1Division of Gastroenterology and Hepatology, Department of Internal Medicine, University of Arkansas for Medical Sciences, Little Rock, AR
2Division of Gastroenterology and Hepatology, Baystate Medical Center, Springfield, MA

ACG Case Rep J 2016;3(4):e89. http://dx.doi.org/10.14309/crj.2016.62. Published online: July 27, 2016.


Inflammatory polyps are relatively common in patients with inflammatory bowel disease. The term giant inflammatory polyposis is used to describe inflammatory polyps greater than 1.5 cm in any dimension. Their clinical presentation can be varied, ranging from asymptomatic, with incidental detection on radiological or endoscopic testing, to symptomatic, with rectal bleeding and colonic obstruction. Although giant inflammatory polyposis is a rare finding, it is of clinical importance, since it is easily mistaken for colon cancer, with patients sometimes undergoing radical surgeries. We describe an unusual case of giant inflammatory polyposis causing recurrent symptomatic obstruction despite multiple segmental colectomies in a patient with indeterminate colitis. This is the first such reported case in English literature to the best of our knowledge.

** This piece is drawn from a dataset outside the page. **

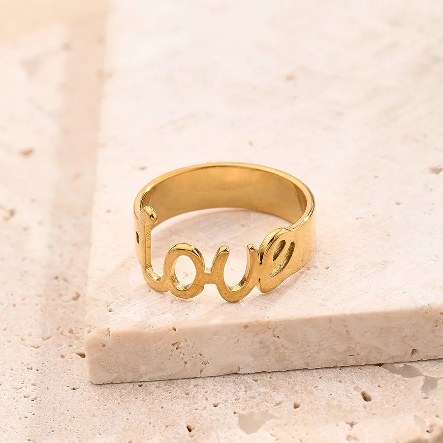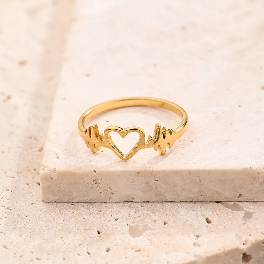 Wholesale Jewelry Modern Style Simple Style Love Red Heart Rectangle 304 Stainless Steel 18K Gold Plated Polishing Plating Rings

Inflammatory polyps occur in 10%–20% of patients with inflammatory bowel disease (IBD).1,2 Such polyps can rarely increase in size to greater than 1.5 cm in height or diameter, and are then called giant inflammatory polyps (GIPs).3 Since they can be confused with colorectal cancer or dysplasia-associated lesion or mass due to their irregular, mass-like appearance, histopathological examination is essential for differentiation. Despite the benign nature of GIP, many patients require surgical resection for bowel obstruction.

Case Report

A 58-year-old white man underwent a colonoscopy in June 2002 for rectal bleeding, constipation, and left lower quadrant abdominal pain. Medication history did not reveal nonsteroidal antiinflammatory drug use. Colonoscopy showed normal rectum and a large mass almost completely obstructing the bowel lumen at 28 cm from anal verge precluding further advancement of the endoscope. Biopsies from the mass showed mucosal ulceration, crypt abscesses, and distortion of gland architecture, features suggestive of acute on chronic IBD. The patient underwent sigmoid colectomy (18-cm segment resected) with primary end-to-end anastomosis a few days later. The surgical specimen grossly showed colonic mucosa almost entirely covered with multiple branching villiform polyps ranging from 2 to 2.5 cm in size. Histopathological exam showed giant inflammatory polyposis on the background of chronic IBD without dysplasia or cancer. Surgical margins were free from disease activity.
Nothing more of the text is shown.